= Beginning of Section =

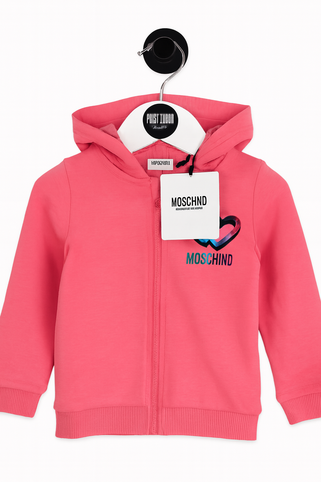 Moschino baby girls hoodies Pamper your little princess with our Moschino baby girls hoodies! Made with high quality materials, our hoodies are both durable and stylish. Perfect for keeping your baby warm and trendy. Available in sizes 12-18m. Treat your baby to luxury with Moschino.
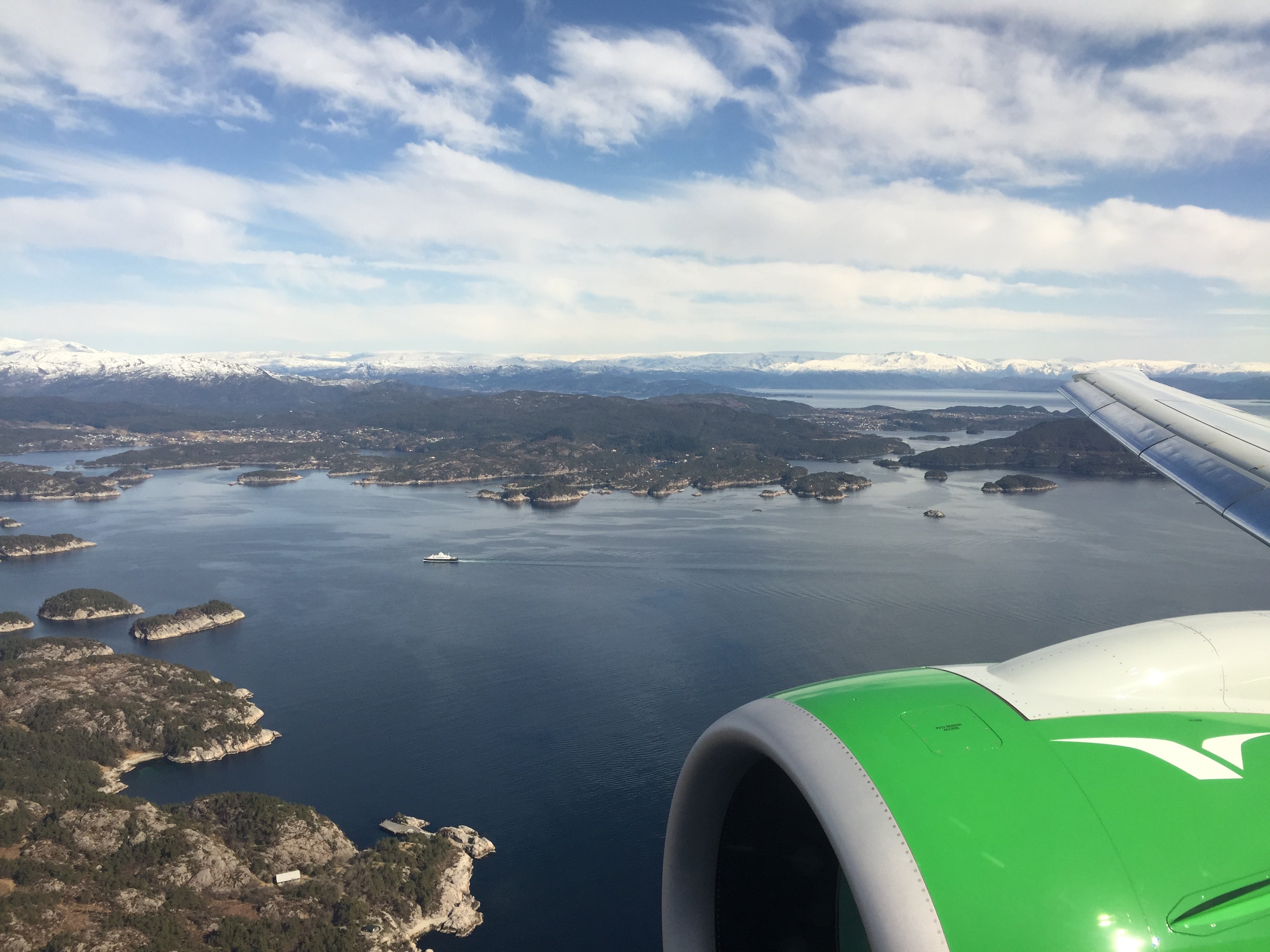 Once in the air, we hardly had time to down some sparkling wine before the dramatic scenery of the Norwegian coast became visible over the horizon.
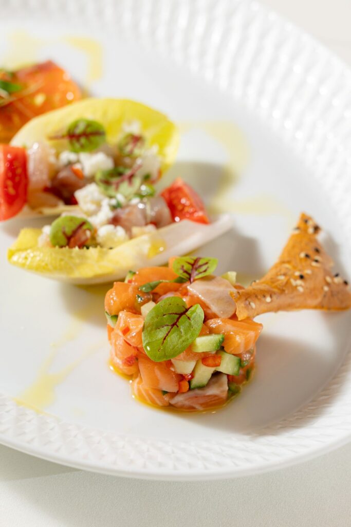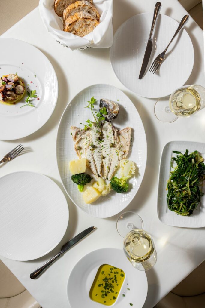 Η κουζίνα του Milos δεν προσπαθεί να αποδείξει κάτι. Και ίσως αυτό είναι το πιο ενδιαφέρον στοιχείο της. Σε ένα δείπνο ή σε ένα μακρόσυρτο μεσημεριανό, το γεύμα που αγαπώ ξεκινά με ωμά οστρακοειδή και ένα καρπάτσο ψαριού, κομμένο με ακρίβεια, με ελάχιστες παρεμβάσεις.
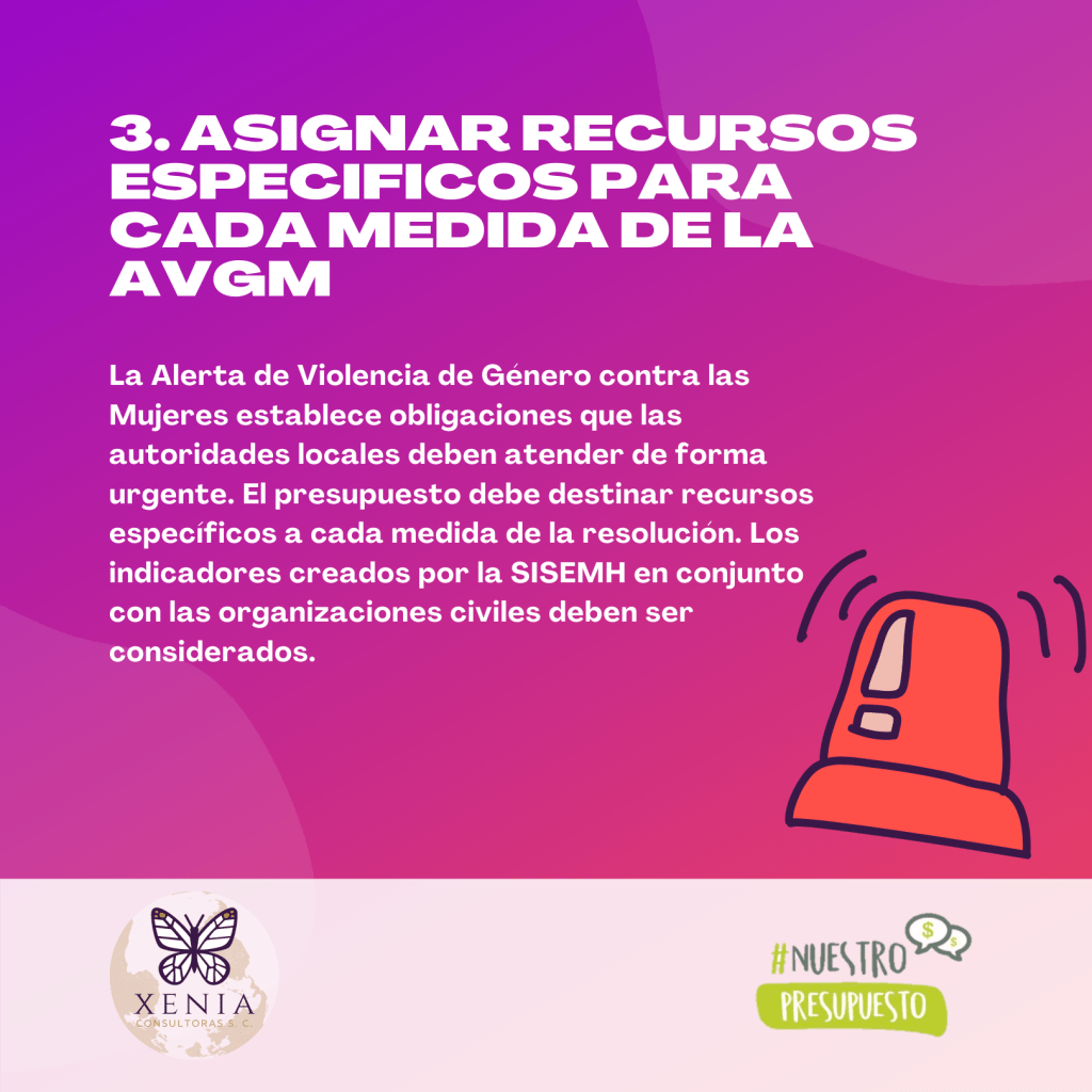 3. Asignar recursos específicos para cada medida de la Alerta de violencia de género contra las mujeres. La Alerta de Violencia de Género contra las Mujeres establece obligaciones que las autoridades locales deben atender de forma urgente. El presupuesto debe destinar recursos específicos a cada medida de la resolución. Los indicadores creados por la SISEMH en conjunto con las organizaciones civiles deben ser considerados.
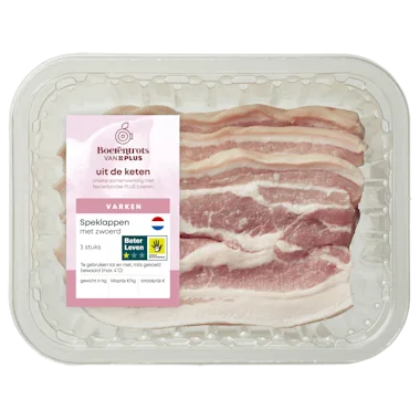 Bereidingswijze: Verwijder de verpakking. Koekenpan: Verhit boter en/of (olijf)olie en bak de speklapjes in circa 15-20 minuten bruin en gaar. Regelmatig keren.
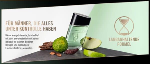 Mit einer Kombination aus tunesischem Rosmarin, saftiger Bergamotte und grünem Apfel setzt der Duft auf eine erfrischende und gleichzeitig herb-maskuline Duftkomposition. Diese Mischung kreiert eine anziehende Kopfnote, die für einen charmanten ersten Eindruck sorgt.
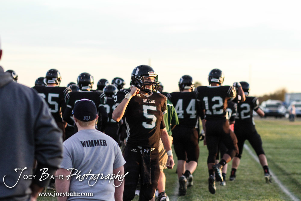 Central Plains Oiler Jacob Warnken (#5) celebrates winning the KSHSAA Eight Man Division I Regional Football game between Spearville and Central Plains with Central Plains winning 42 to 40 at Central Plains High School in Claflin, Kansas on November 8, 2014. (Photo: Joey Bahr, www.joeybahr.com)
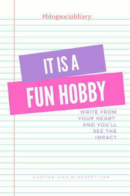 I will not make the hobby only like a hobby that I do in my spare time. I need to grow it up as I try to grow my level up in the company. I mean, my interest in writing should go higher as my carrier in the Finance/Administration section. Also, I don't mean to switch income from the previous one. But, if there is a way to do it, I will not deny it :). I cannot close the door for something would come to me in the future.
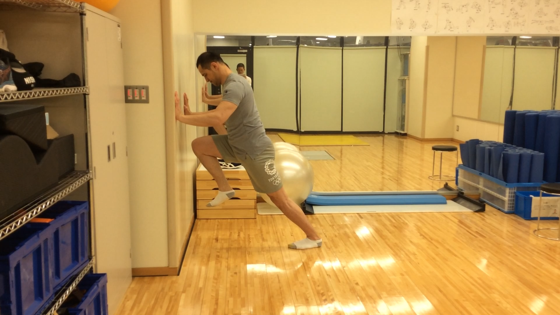 足首の可動性改善を目的とした立位でのエクササイズです。

= End of Section =

Once the pictures are removed, repeat all of the data above exactly.

 Moschino baby girls hoodies Pamper your little princess with our Moschino baby girls hoodies! Made with high quality materials, our hoodies are both durable and stylish. Perfect for keeping your baby warm and trendy. Available in sizes 12-18m. Treat your baby to luxury with Moschino.
 Once in the air, we hardly had time to down some sparkling wine before the dramatic scenery of the Norwegian coast became visible over the horizon.
 Η κουζίνα του Milos δεν προσπαθεί να αποδείξει κάτι. Και ίσως αυτό είναι το πιο ενδιαφέρον στοιχείο της. Σε ένα δείπνο ή σε ένα μακρόσυρτο μεσημεριανό, το γεύμα που αγαπώ ξεκινά με ωμά οστρακοειδή και ένα καρπάτσο ψαριού, κομμένο με ακρίβεια, με ελάχιστες παρεμβάσεις.
 3. Asignar recursos específicos para cada medida de la Alerta de violencia de género contra las mujeres. La Alerta de Violencia de Género contra las Mujeres establece obligaciones que las autoridades locales deben atender de forma urgente. El presupuesto debe destinar recursos específicos a cada medida de la resolución. Los indicadores creados por la SISEMH en conjunto con las organizaciones civiles deben ser considerados.
 Bereidingswijze: Verwijder de verpakking. Koekenpan: Verhit boter en/of (olijf)olie en bak de speklapjes in circa 15-20 minuten bruin en gaar. Regelmatig keren.
 Mit einer Kombination aus tunesischem Rosmarin, saftiger Bergamotte und grünem Apfel setzt der Duft auf eine erfrischende und gleichzeitig herb-maskuline Duftkomposition. Diese Mischung kreiert eine anziehende Kopfnote, die für einen charmanten ersten Eindruck sorgt.
 Central Plains Oiler Jacob Warnken (#5) celebrates winning the KSHSAA Eight Man Division I Regional Football game between Spearville and Central Plains with Central Plains winning 42 to 40 at Central Plains High School in Claflin, Kansas on November 8, 2014. (Photo: Joey Bahr, www.joeybahr.com)
 I will not make the hobby only like a hobby that I do in my spare time. I need to grow it up as I try to grow my level up in the company. I mean, my interest in writing should go higher as my carrier in the Finance/Administration section. Also, I don't mean to switch income from the previous one. But, if there is a way to do it, I will not deny it :). I cannot close the door for something would come to me in the future.
 足首の可動性改善を目的とした立位でのエクササイズです。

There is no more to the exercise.